* [TASK TO CARRY OUT]
An exact copy of every record below is needed, with all pictures removed.

[Dataset items]
▬▬▬▬▬▬

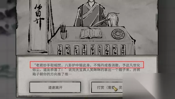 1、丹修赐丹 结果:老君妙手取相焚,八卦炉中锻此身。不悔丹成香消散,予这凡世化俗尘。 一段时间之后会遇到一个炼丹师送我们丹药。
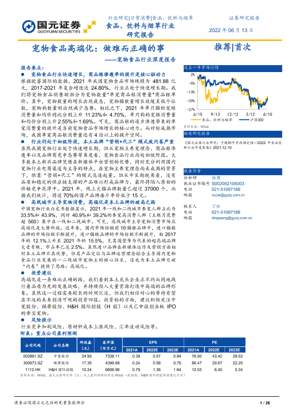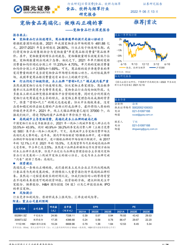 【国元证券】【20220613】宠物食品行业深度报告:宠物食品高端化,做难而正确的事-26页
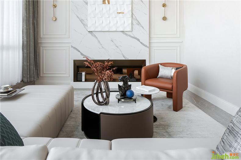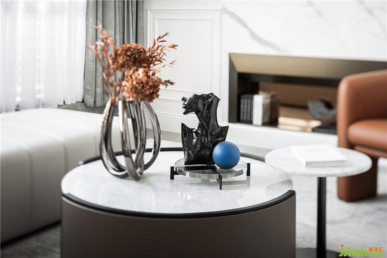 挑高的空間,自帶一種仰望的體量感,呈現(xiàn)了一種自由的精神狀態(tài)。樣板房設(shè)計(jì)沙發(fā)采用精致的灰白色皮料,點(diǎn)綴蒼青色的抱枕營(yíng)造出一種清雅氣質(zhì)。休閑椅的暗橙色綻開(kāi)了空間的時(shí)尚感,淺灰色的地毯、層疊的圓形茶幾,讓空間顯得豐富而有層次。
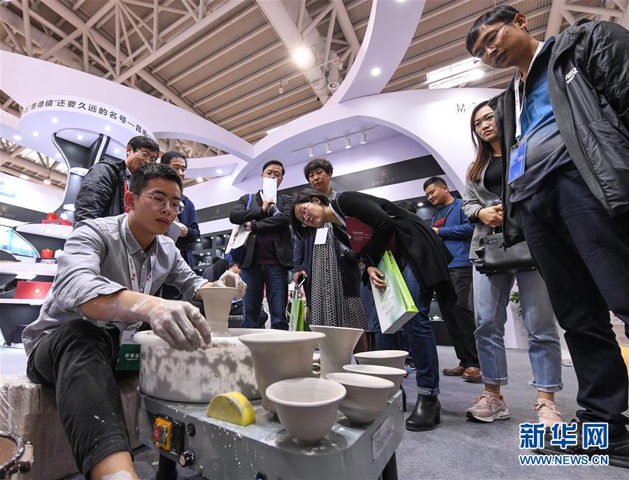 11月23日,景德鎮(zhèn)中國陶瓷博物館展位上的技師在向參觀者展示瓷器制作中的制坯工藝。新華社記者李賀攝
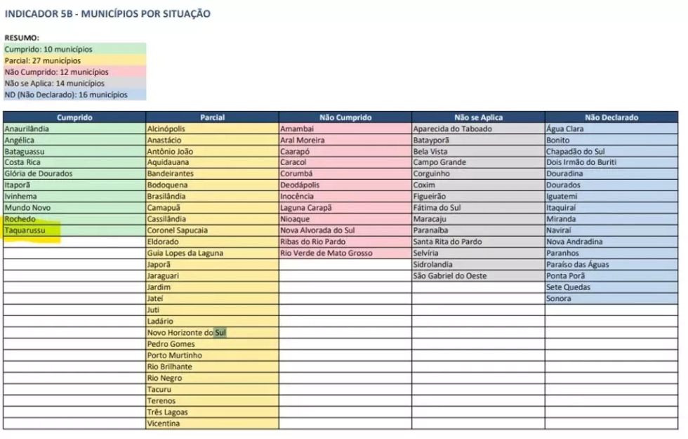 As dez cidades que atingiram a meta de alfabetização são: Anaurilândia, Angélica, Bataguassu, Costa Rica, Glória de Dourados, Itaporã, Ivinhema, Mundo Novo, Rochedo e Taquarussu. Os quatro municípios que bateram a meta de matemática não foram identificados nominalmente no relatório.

▬▬▬▬▬▬

* [ANSWER TO THE PROBLEM]
 1、丹修赐丹 结果:老君妙手取相焚,八卦炉中锻此身。不悔丹成香消散,予这凡世化俗尘。 一段时间之后会遇到一个炼丹师送我们丹药。
 【国元证券】【20220613】宠物食品行业深度报告:宠物食品高端化,做难而正确的事-26页
 挑高的空間,自帶一種仰望的體量感,呈現(xiàn)了一種自由的精神狀態(tài)。樣板房設(shè)計(jì)沙發(fā)采用精致的灰白色皮料,點(diǎn)綴蒼青色的抱枕營(yíng)造出一種清雅氣質(zhì)。休閑椅的暗橙色綻開(kāi)了空間的時(shí)尚感,淺灰色的地毯、層疊的圓形茶幾,讓空間顯得豐富而有層次。
 11月23日,景德鎮(zhèn)中國陶瓷博物館展位上的技師在向參觀者展示瓷器制作中的制坯工藝。新華社記者李賀攝
 As dez cidades que atingiram a meta de alfabetização são: Anaurilândia, Angélica, Bataguassu, Costa Rica, Glória de Dourados, Itaporã, Ivinhema, Mundo Novo, Rochedo e Taquarussu. Os quatro municípios que bateram a meta de matemática não foram identificados nominalmente no relatório.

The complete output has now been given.